MPFR: get sin of mpf_class

Question

I installed gmp and mpfr on my environment. Now I can successfully

#include <gmpxx.h>
#include <mpfr.h>
#include <mpf2mpfr.h>

Now, say that I initialize an mpf_class with some value:

mpf_class x = 0.73;

How can I use mpfr to get the sin of this number? I just need an mpf_class in, an mpf_class out. Something like:

mpf_class y = sin(x)

Which obviously doesn't work. I noticed that there is a mpfr_sin function, which I called like this:

mpfr_sin(x, y, MPFR_RNDN);

But that didn't work as well. So what am I supposed to do? Am I doing something wrong?

Thank you

Answer 1

mpf2mpfr.h is probably not what you want. It contains plenty of #define to replace mpf names with mpfr names in everything that follows. If you wanted a chance of having it work in your case, you would have to include mpf2mpfr.h before gmpxx.h. However, the file does not translate everything. The following lets it compile in C++03 (as long as you don't convert to mpq_class):

#include <mpfr.h>
#include <mpf2mpfr.h>
void mpfr_get_q (mpq_ptr, mpfr_srcptr);
#undef mpq_set_f
#define mpq_set_f(x,y) mpfr_get_q(x,y)
#include <gmpxx.h>

int main(){
  mpf_class x=.73;
  mpf_class y;
  mpfr_sin(y.get_mpf_t(),x.get_mpf_t(),MPFR_RNDN);
} 

but trying to print with operator<< will print a pointer instead of the number, for instance. Extra functions provided in C++11 would require more tweaking, it is easier to disable them: #define __GMPXX_USE_CXX11 0 before including gmpxx.h.
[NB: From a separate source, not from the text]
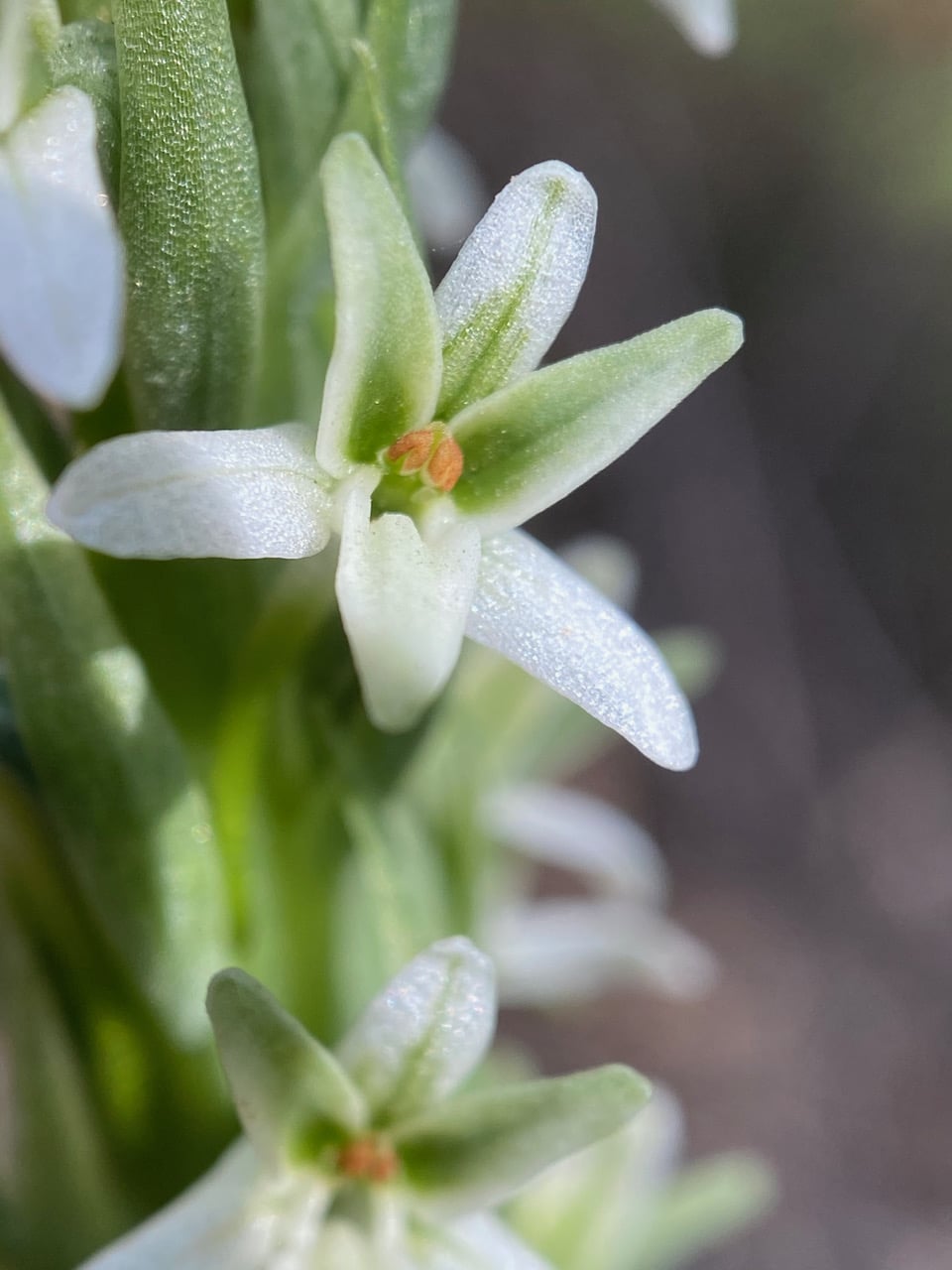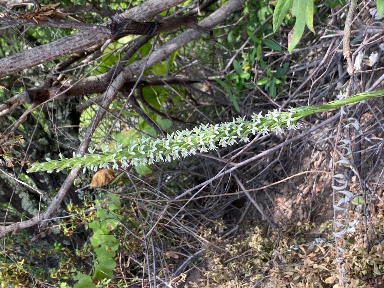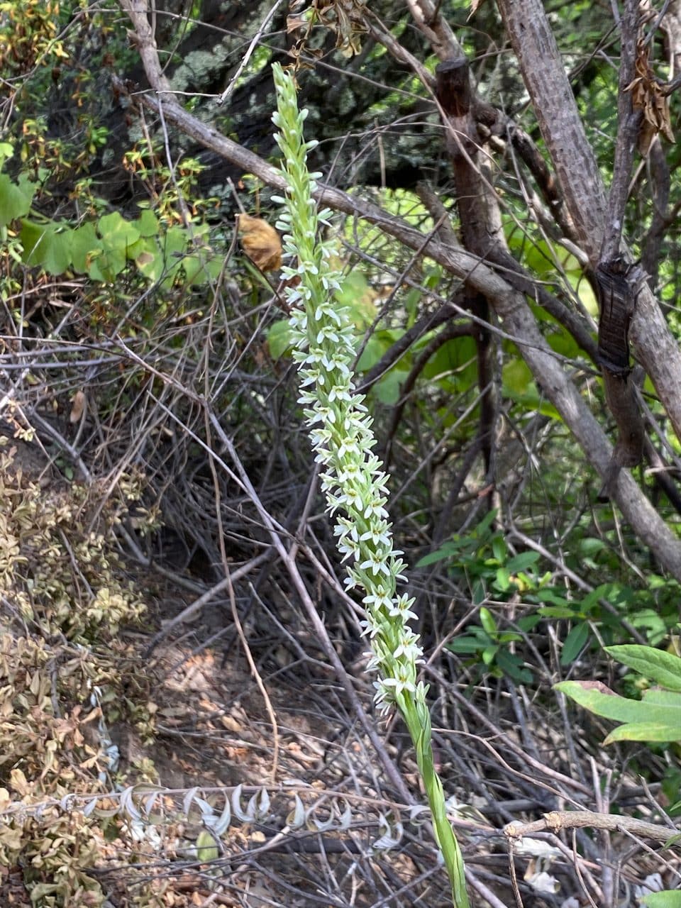 What a delight! A flower spike of Hillside Rein Orchid, Piperia elegans shows up on the brushy side of the trail. The tiny green-white flowers emit a fragrance at night to attract pollinating moths.

There are mostly two ways to solve this and both start with removing mpf2mpfr.h. The first one is to create a temporary mpfr_t:

mpf_class x=.73;
mpf_class y;
mpfr_t xx;
mpfr_t yy;
mpfr_init_set_f(xx, x.get_mpf_t(), MPFR_RNDN);
mpfr_init(yy);
mpfr_sin(yy, xx, MPFR_RNDN);
mpfr_get_f(y.get_mpf_t(), yy, MPFR_RNDN);

The second one is to drop mpf completely and use only mpfr. Its webpage lists 6 C++ wrappers for it, several of which are still maintained.